**WHAT IS NEEDED**
Type the listing below out again exactly. No images.

**MATERIAL PROVIDED**
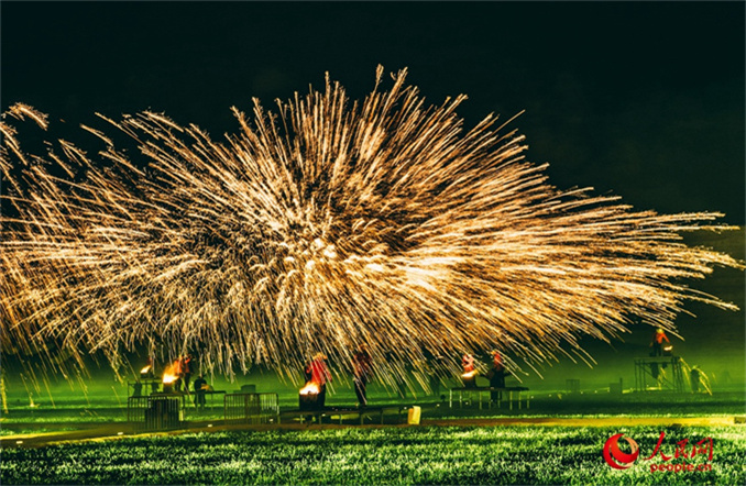 非遗打铁花表演璀璨上演,为游客带来了一场震撼的视觉盛宴。人民网 宋芳鑫摄
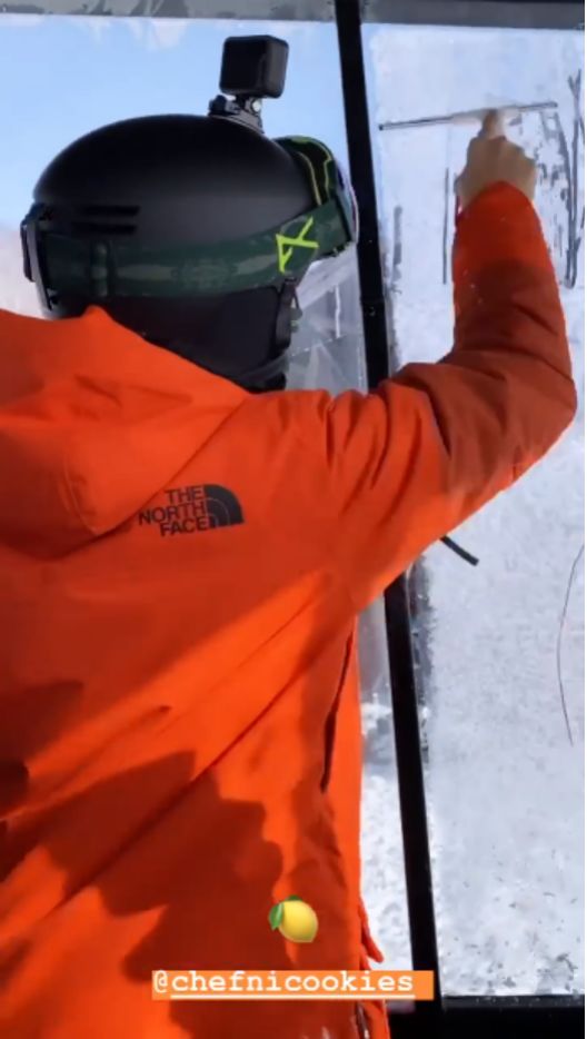 徐濠萦还录下了谢霆锋为铲雪车刮掉玻璃上的冰碴,两人有说有笑心情非常不错。
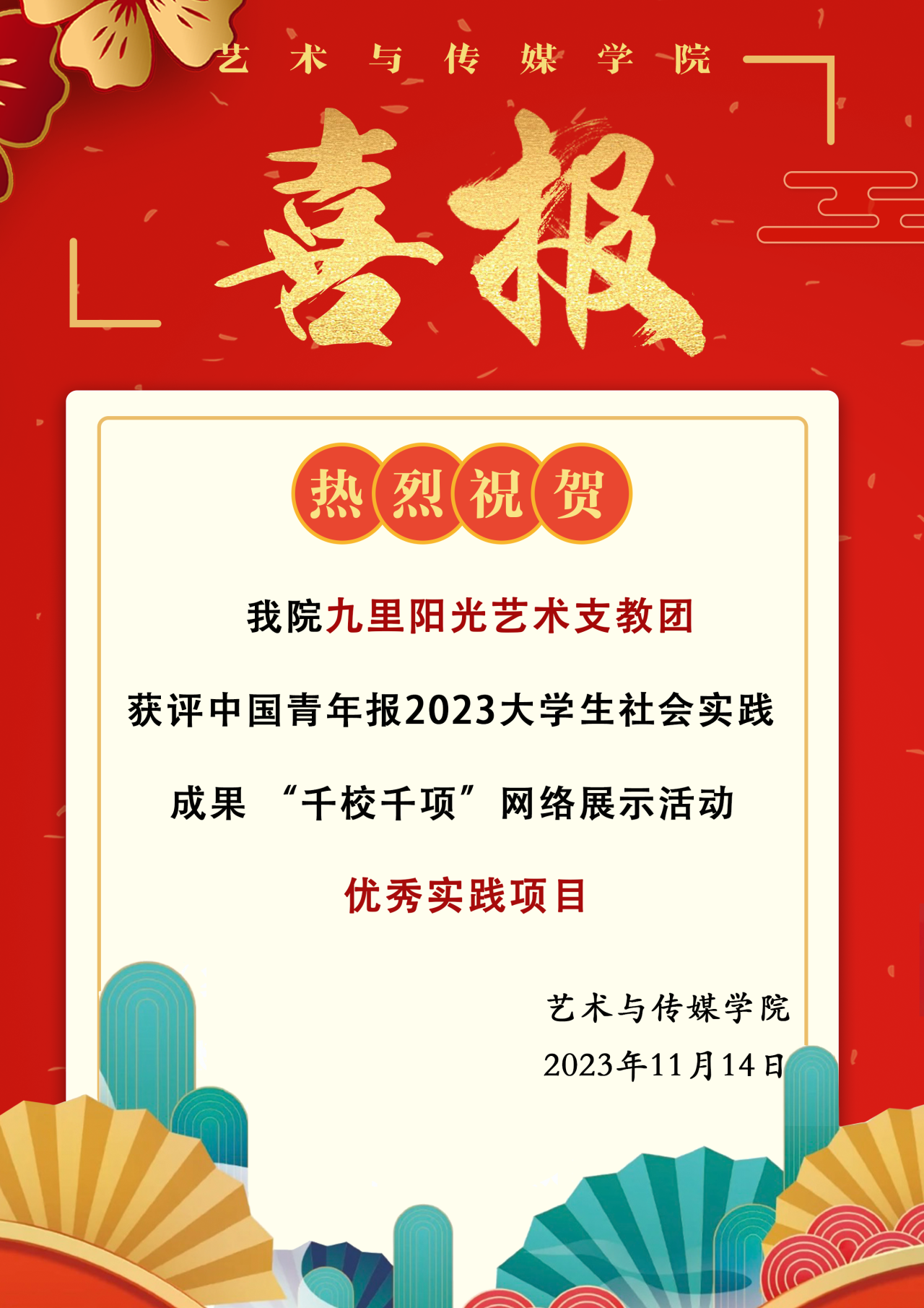 喜报!bevictor伟德九里阳光艺术支教团获评中国青年报2023大学生社会实践成果“千校千项”网络展示活动优秀实践项目

**RESULT**
 非遗打铁花表演璀璨上演,为游客带来了一场震撼的视觉盛宴。人民网 宋芳鑫摄
 徐濠萦还录下了谢霆锋为铲雪车刮掉玻璃上的冰碴,两人有说有笑心情非常不错。
 喜报!bevictor伟德九里阳光艺术支教团获评中国青年报2023大学生社会实践成果“千校千项”网络展示活动优秀实践项目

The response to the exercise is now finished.